A man selling ice cream
Singing Italian songs
I have discovered the magic bullet. A GI issue has prevented me from eating solid food for the last ten days. They have turned my non-stop love affair with food into a miserable love-pain S&M relationship, my own 50 Shades of Gravy. I don’t recommend anyone follow this diet, but for those of you with an insane desire to lose weight in a hurry, here are a few thoughts.
- My last post featured an album cover and lyrics from the Carpenters. Talk about unintentional irony!
- Fruit smoothies sound like a good idea. Ice cold, frosty, chill inducing Strawberry-Banana smoothies from Pandora that hit your gut like a Tazer shot at 6 a.m. are NOT a good idea.
- Licking the cream cheese off a bagel is OK; nibbling at the edges of the bagel is OK only if done slooooowly.
- I make Cream of Wheat the same way mother used to do it. Stand at the stovetop and stir, stir, stir. No microwave mush for this boy. And never a lump.
- Boost Vanilla Protein Drink is the foulest potion this side of Hogwarts. It belongs in a cauldron with three witches stirring it.

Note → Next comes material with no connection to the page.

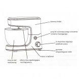 Additional features include automatic stop when the head is lifted, mixer lock, and sturdy rubber feet for stability. Safety lock and overheating protection ensure the device's long lifespan. The cable is 105 cm, the device measures 13.5 cm in width, 28 cm in height, and 28.5 cm in length, with a weight of 5.25 kg.
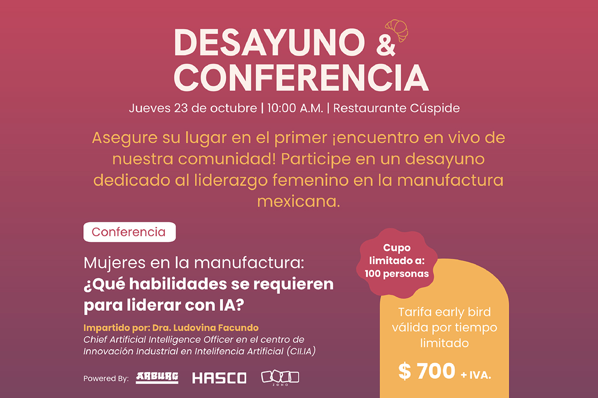 En el marco de Meximold 2025, se realizará el Desayuno de Mujeres en la Manufactura el jueves 23 de octubre a las 10:00 a.m. en el restaurante Cúspide, frente al Querétaro Centro de Congresos. La cita reunirá a profesionales, técnicas y directivas del sector manufacturero para reflexionar sobre los retos y oportunidades que trae la integración de la inteligencia artificial en los procesos industriales.

- Adding a squashed up banana to Boost Vanilla Protein Drink just makes the agony last longer.
- Chicken noodle soup is fine. Blenderizing the chicken and the noodles spoils the appeal. Now I know what Oliver Twist felt like at the workhouse. “Please may I have some more gruel, sir?”
- Ice cream, slightly chilled, in small spoonfuls, is fine. Salty Caramel and Coffee flavors are best. Bring ’em on!
- A wife who drives you to the doctor-good. A wife who goes to 3 different grocery stores to get things you like-better. A wife who makes vanilla pudding without that awful skin on top-priceless! Gotta love her–always.
- The bathroom scale can be your friend again. Daily!
Things are slowly improving. By the Night Before Christmas I hope to be able to take a bite out of more than just those visions of sugar plums and Lou Malnati’s Pizza that are dancing in my head. Until then, keep those room temperature smoothies coming!